Consul services getting deleted incorrectly during reconfigure
After noticing a test environment would start to throw errors randomly recently we've found that the issue seemed to be due to to the database leader not being updated.
Digging further it was found that the Consul agents on the Postgres nodes were missing their postgresql
service config, the config that configures Consul to poll Postgres. After running reconfigure though the files were regenerated.

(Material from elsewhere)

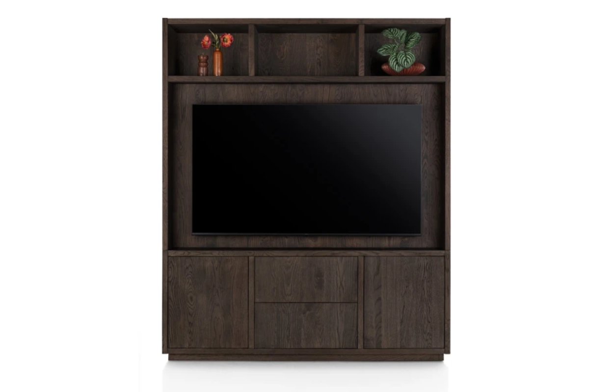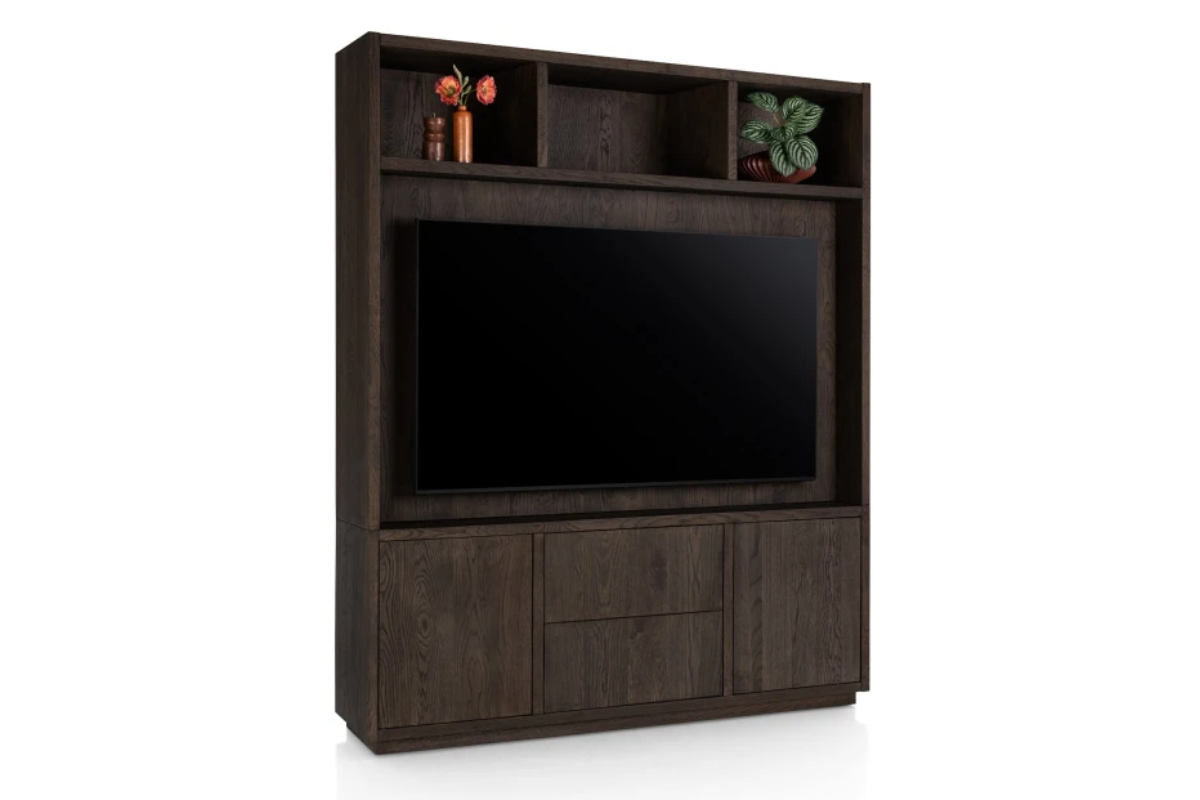 Le meuble TV Gijon 180 cm séduit par son style moderne et ses finitions soignées. Il dispose de 2 portes et 2 tiroirs avec système soft-closing, offrant un rangement pratique et discret pour votre espace multimédia. Réalisé en placage chêne couleur basalt avec laque platine mate, il bénéficie d’un vernis protecteur supplémentaire pour une meilleure durabilité. Ce meuble fait partie de la collection Gijon, à découvrir chez Meubles Belot.

However after running reconfigure again the files were again deleted:
Recipe: consul::enable_service_postgresql
* file[/var/opt/gitlab/consul/config.d/postgresql_service.json] action create (up to date)
Recipe: consul::watchers
* file[/var/opt/gitlab/consul/config.d/node-exporter-service.json] action delete[2023-03-30T15:54:08+00:00] INFO: file[/var/opt/gitlab/consul/config.d/node-exporter-service.json] backed up to /opt/gitlab/embedded/cookbooks/cache/backup/var/opt/gitlab/consul/config.d/node-exporter-service.json.chef-20230330155408.758032
[2023-03-30T15:54:08+00:00] INFO: file[/var/opt/gitlab/consul/config.d/node-exporter-service.json] removed backup at /opt/gitlab/embedded/cookbooks/cache/backup/var/opt/gitlab/consul/config.d/node-exporter-service.json.chef-20230329182640.940935
[2023-03-30T15:54:08+00:00] INFO: file[/var/opt/gitlab/consul/config.d/node-exporter-service.json] deleted file at /var/opt/gitlab/consul/config.d/node-exporter-service.json
- delete file /var/opt/gitlab/consul/config.d/node-exporter-service.json
* file[/var/opt/gitlab/consul/config.d/postgres-exporter-service.json] action delete[2023-03-30T15:54:08+00:00] INFO: file[/var/opt/gitlab/consul/config.d/postgres-exporter-service.json] backed up to /opt/gitlab/embedded/cookbooks/cache/backup/var/opt/gitlab/consul/config.d/postgres-exporter-service.json.chef-20230330155408.780842
[2023-03-30T15:54:08+00:00] INFO: file[/var/opt/gitlab/consul/config.d/postgres-exporter-service.json] removed backup at /opt/gitlab/embedded/cookbooks/cache/backup/var/opt/gitlab/consul/config.d/postgres-exporter-service.json.chef-20230329182640.962491
[2023-03-30T15:54:08+00:00] INFO: file[/var/opt/gitlab/consul/config.d/postgres-exporter-service.json] deleted file at /var/opt/gitlab/consul/config.d/postgres-exporter-service.json
- delete file /var/opt/gitlab/consul/config.d/postgres-exporter-service.json
* file[/var/opt/gitlab/consul/config.d/postgresql_service.json] action delete[2023-03-30T15:54:08+00:00] INFO: file[/var/opt/gitlab/consul/config.d/postgresql_service.json] backed up to /opt/gitlab/embedded/cookbooks/cache/backup/var/opt/gitlab/consul/config.d/postgresql_service.json.chef-20230330155408.901601
[2023-03-30T15:54:08+00:00] INFO: file[/var/opt/gitlab/consul/config.d/postgresql_service.json] removed backup at /opt/gitlab/embedded/cookbooks/cache/backup/var/opt/gitlab/consul/config.d/postgresql_service.json.chef-20230329182640.984329
[2023-03-30T15:54:08+00:00] INFO: file[/var/opt/gitlab/consul/config.d/postgresql_service.json] deleted file at /var/opt/gitlab/consul/config.d/postgresql_service.json
- delete file /var/opt/gitlab/consul/config.d/postgresql_service.json
Seeing that the above code was being fired under watcher
we found this recent change and suspect the Watcher cleanup code recently added is also cleaning up Service config incorrectly.